Brother Rylde has a lot on his plate, and doesn’t need to waste his time reading notes from me. A lot of our relationship played out here on these pages, and those of his publication. I believe in clearing accounts. I hope Rylde sees fit to forgive me if he feels any slight which warrants it, and I for my part wish him a full recovery, whatever the odds. I believe in a God who works miracles in this life and the next one, and it is my prayer that He shall make Himself known to Rylde if He has not done so already.

It is a unique thing that people with whom we play this game, even those with whom we clash, are friends. It is the shared time, the opportunities to converse, the battles shared and fought, and over time we find we actually do care about each other, and want good things for the other both here and in the world.

As for this terribad game, it is of itself nothing. It is only something to the degree to which it gives us a place to work through certain important questions.

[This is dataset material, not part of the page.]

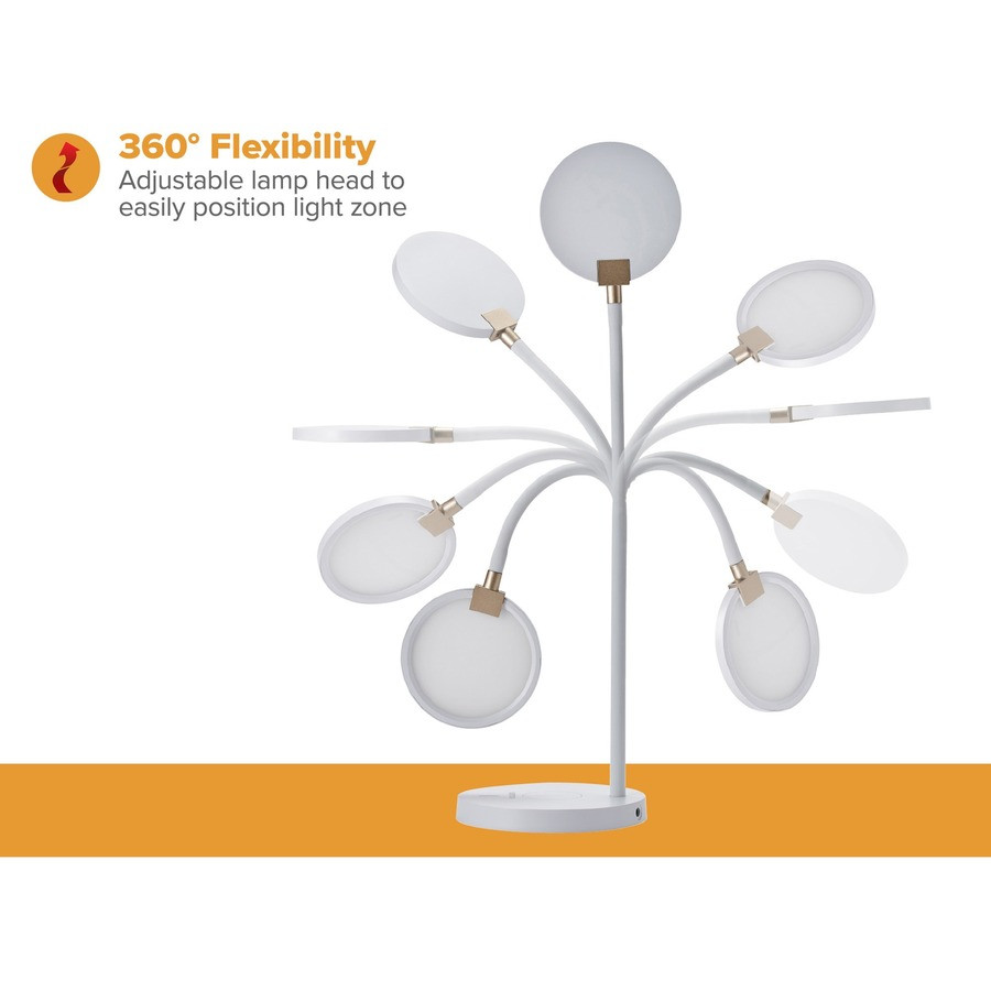 Sleek, minimalist design meets functionality with this Qi Wireless Charging LED Desk Lamp. Wireless charging pad quickly charges Qi-enabled devices and various electronics without inconvenient, messy wires. Wireless pad keeps your phone within reach for effortless viewing. Easy-to-use, touch-sensitive power control features a dimmer function with three brightness levels to meet your lighting needs. True-white, LED lighting helps enhance your productivity when completing tasks. Round lamp head maximizes illumination. Flexible, silicone neck allows you to easily position, creating an effective light zone.

It is because the consequences here are so minimal that the truly consequential things can be mooted here. Some we moot with our words, and others with our actions. When someone leaves the game, that part of them which was reflected here shines less bright, and it is sometimes only at that moment that we realize how great the loss.

I am one of the older players here. I feel it, not just here, but in the world. I know this game is played by a lot of youngsters. I was bulletproof when I was in my 20s too. You’ve heard it said by others, but trust me, the day will come when you say it, too: life is soooooo short. It took me half a century to figure out how to be. Now that I sort of know, I have to struggle to find the strength to be what I know I should.

Your parents bought you a goldfish so you could learn an important lesson about transigence in all things, including life itself. There is an important lesson here too. Take some time to reflect on it. Don’t let it rob you of joy, but let that knowledge allow you to appreciate the joys which each day provides.